» **TASK**:
Look through the material below. Return exactly the lines from the one with "Elektrické zvedací masážní" through the one with "de su posición.", both included.

» **EXTRACTED DATA**:
▽

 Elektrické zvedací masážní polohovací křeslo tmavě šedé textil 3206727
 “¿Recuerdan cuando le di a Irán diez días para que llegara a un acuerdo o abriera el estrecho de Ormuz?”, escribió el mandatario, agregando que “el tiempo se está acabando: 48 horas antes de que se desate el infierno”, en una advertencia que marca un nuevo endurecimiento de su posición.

△
▽

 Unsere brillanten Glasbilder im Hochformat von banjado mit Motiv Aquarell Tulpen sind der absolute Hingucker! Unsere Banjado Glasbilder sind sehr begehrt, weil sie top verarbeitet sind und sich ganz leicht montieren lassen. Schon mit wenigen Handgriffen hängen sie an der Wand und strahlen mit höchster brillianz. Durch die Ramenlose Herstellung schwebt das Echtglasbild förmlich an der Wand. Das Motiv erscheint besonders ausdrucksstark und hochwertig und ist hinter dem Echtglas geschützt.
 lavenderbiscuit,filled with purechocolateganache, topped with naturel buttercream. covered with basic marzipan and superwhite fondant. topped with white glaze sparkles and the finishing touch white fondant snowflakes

△
▽

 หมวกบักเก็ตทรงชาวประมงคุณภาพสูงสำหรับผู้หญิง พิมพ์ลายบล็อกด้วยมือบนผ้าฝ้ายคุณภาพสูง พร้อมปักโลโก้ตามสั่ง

△

» **RESULT OF THIS EXERCISE**:
 Elektrické zvedací masážní polohovací křeslo tmavě šedé textil 3206727
 “¿Recuerdan cuando le di a Irán diez días para que llegara a un acuerdo o abriera el estrecho de Ormuz?”, escribió el mandatario, agregando que “el tiempo se está acabando: 48 horas antes de que se desate el infierno”, en una advertencia que marca un nuevo endurecimiento de su posición.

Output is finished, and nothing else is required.